Problem details
Below are the entries. Print only the lines starting at the one with "Em-D-Kay (Like Marks" and ending at the one with "In this paper, we", exactly, with no pictures.

Information shown
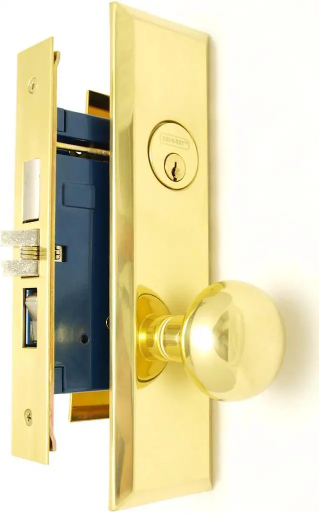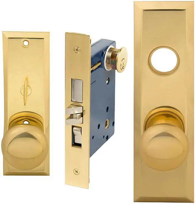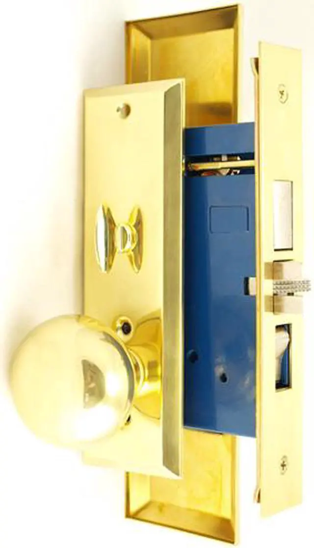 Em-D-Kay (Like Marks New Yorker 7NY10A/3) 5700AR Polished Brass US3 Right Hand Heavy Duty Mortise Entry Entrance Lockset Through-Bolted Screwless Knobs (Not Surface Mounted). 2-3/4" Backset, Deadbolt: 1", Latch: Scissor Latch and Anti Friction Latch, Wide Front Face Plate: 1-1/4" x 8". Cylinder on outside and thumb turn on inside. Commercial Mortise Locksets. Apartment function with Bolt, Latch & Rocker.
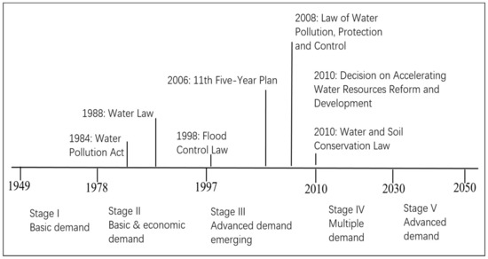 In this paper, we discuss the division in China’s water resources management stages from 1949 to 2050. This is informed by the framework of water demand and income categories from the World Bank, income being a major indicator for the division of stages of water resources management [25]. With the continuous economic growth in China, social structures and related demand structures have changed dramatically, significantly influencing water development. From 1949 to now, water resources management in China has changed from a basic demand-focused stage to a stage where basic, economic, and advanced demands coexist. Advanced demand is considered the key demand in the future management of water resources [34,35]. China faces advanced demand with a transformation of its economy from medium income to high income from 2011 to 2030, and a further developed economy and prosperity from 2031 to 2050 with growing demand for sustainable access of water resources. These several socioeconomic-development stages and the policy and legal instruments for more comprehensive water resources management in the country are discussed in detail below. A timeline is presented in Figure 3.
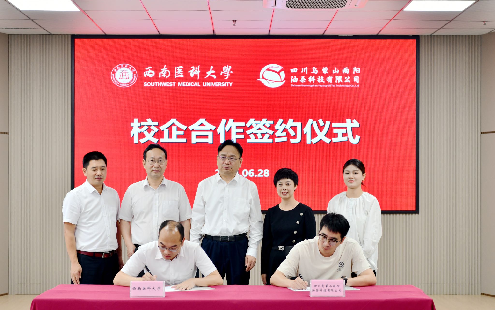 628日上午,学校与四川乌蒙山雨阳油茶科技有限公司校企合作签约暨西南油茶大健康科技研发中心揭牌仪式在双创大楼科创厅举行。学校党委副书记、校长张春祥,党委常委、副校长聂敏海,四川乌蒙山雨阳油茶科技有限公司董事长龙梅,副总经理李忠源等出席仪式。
* * *
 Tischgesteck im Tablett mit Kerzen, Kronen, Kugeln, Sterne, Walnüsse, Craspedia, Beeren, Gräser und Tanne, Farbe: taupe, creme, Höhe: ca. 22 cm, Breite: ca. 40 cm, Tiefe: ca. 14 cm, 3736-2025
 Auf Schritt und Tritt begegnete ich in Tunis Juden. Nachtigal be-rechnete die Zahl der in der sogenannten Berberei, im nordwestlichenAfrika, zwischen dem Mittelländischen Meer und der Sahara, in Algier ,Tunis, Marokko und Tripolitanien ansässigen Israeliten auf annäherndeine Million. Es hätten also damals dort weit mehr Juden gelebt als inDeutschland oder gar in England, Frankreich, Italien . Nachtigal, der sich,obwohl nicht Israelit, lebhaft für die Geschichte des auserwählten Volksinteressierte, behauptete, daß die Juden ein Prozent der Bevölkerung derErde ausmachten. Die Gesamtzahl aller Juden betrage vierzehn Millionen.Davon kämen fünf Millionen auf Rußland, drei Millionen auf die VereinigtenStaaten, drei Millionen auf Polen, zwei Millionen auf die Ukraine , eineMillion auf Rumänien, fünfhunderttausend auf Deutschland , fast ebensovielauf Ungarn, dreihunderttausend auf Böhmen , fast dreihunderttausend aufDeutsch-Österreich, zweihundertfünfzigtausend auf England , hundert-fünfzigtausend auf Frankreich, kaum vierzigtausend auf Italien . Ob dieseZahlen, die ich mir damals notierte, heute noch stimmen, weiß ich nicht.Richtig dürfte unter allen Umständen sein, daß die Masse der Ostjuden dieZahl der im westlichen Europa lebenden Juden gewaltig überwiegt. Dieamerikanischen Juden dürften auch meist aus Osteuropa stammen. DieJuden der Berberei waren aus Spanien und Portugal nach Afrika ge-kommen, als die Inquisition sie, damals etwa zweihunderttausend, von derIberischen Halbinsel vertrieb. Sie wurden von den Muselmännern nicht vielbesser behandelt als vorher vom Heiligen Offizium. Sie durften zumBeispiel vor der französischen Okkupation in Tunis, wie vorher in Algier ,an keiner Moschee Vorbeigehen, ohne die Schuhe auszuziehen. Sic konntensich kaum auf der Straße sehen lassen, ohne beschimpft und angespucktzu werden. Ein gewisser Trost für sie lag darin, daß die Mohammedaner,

Answer space
 Em-D-Kay (Like Marks New Yorker 7NY10A/3) 5700AR Polished Brass US3 Right Hand Heavy Duty Mortise Entry Entrance Lockset Through-Bolted Screwless Knobs (Not Surface Mounted). 2-3/4" Backset, Deadbolt: 1", Latch: Scissor Latch and Anti Friction Latch, Wide Front Face Plate: 1-1/4" x 8". Cylinder on outside and thumb turn on inside. Commercial Mortise Locksets. Apartment function with Bolt, Latch & Rocker.
 In this paper, we discuss the division in China’s water resources management stages from 1949 to 2050. This is informed by the framework of water demand and income categories from the World Bank, income being a major indicator for the division of stages of water resources management [25]. With the continuous economic growth in China, social structures and related demand structures have changed dramatically, significantly influencing water development. From 1949 to now, water resources management in China has changed from a basic demand-focused stage to a stage where basic, economic, and advanced demands coexist. Advanced demand is considered the key demand in the future management of water resources [34,35]. China faces advanced demand with a transformation of its economy from medium income to high income from 2011 to 2030, and a further developed economy and prosperity from 2031 to 2050 with growing demand for sustainable access of water resources. These several socioeconomic-development stages and the policy and legal instruments for more comprehensive water resources management in the country are discussed in detail below. A timeline is presented in Figure 3.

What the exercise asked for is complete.